Your task | Write out exactly the lines from the one that contains "Infant Toddler Baby" down to the last line of the material below, keeping both ends and omitting pictures.

Provided material |
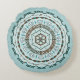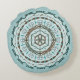 Ce modèle de mandala présente des couches de motifs blancs, turquoise et marron inspirés des tissages celtes et des médailles indiennes, comme des vignes, des rubans et des fleurs de lotus.
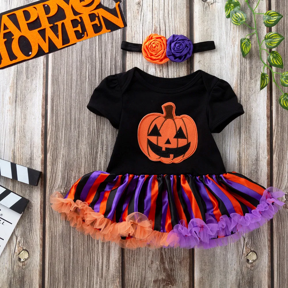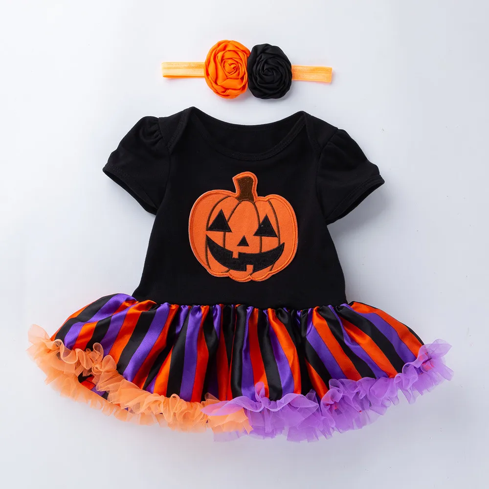 Infant Toddler Baby Girls Halloween Pumpkin Bow Party Dress Clothes Dresses
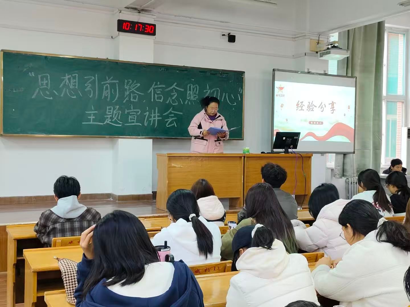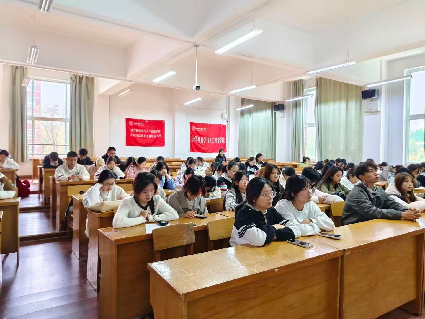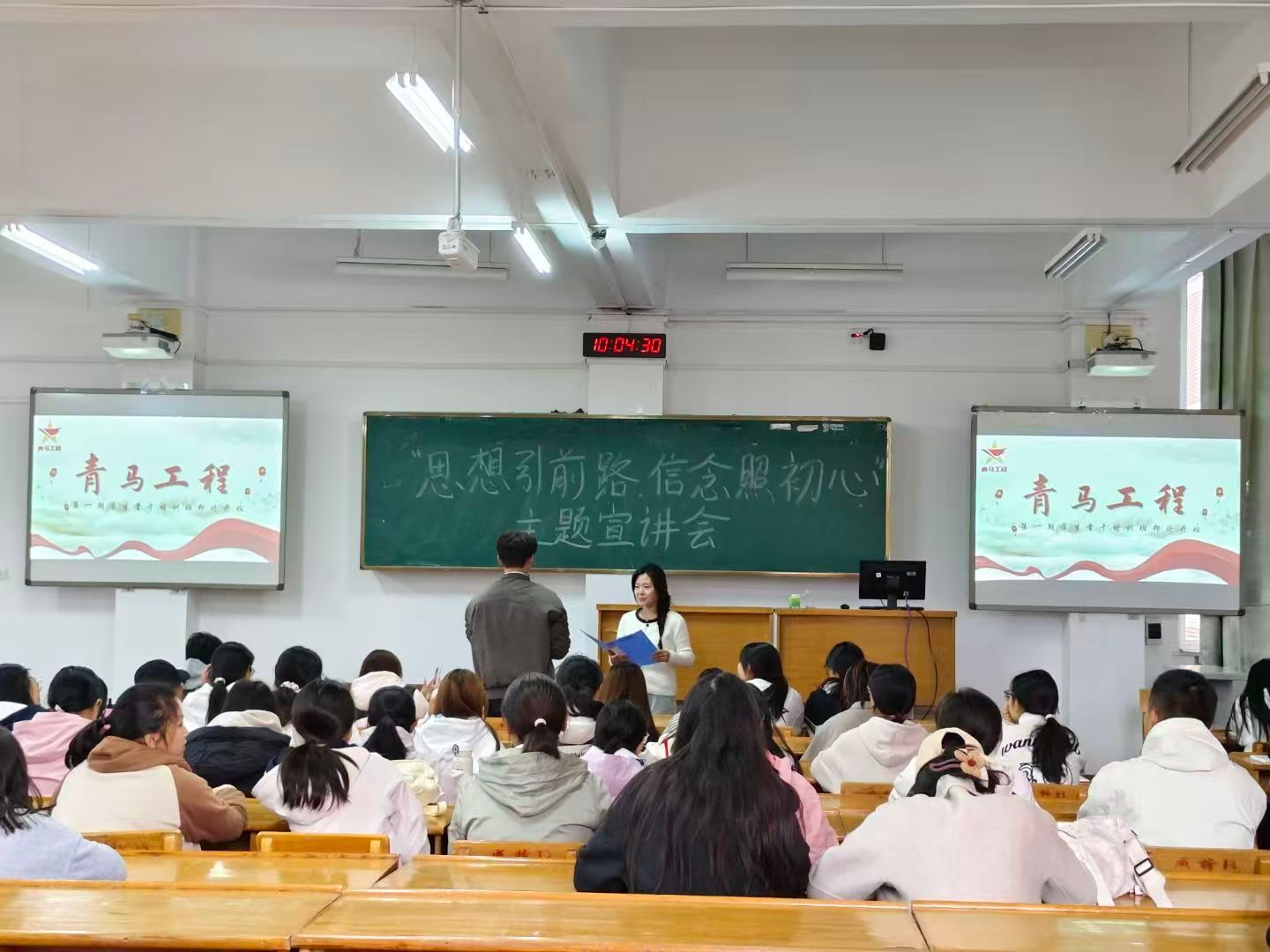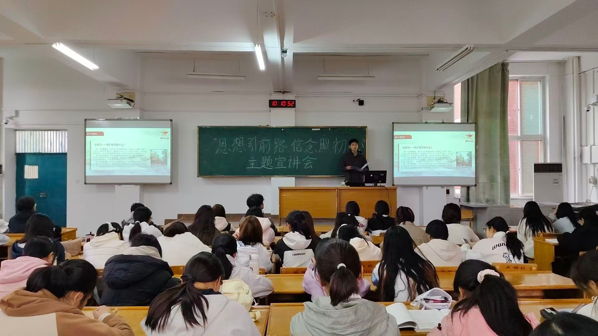 10月18日上午,公司“青马工程”培训班在南区5210教室举办了“思想引前路,信念照初心”主题宣讲会,院青马工程辅导员曹慧敏、素拓师许嘉琪、贾慧玲、马喻敬及2025级全体新生参加。

Output for this task |
 Infant Toddler Baby Girls Halloween Pumpkin Bow Party Dress Clothes Dresses
 10月18日上午,公司“青马工程”培训班在南区5210教室举办了“思想引前路,信念照初心”主题宣讲会,院青马工程辅导员曹慧敏、素拓师许嘉琪、贾慧玲、马喻敬及2025级全体新生参加。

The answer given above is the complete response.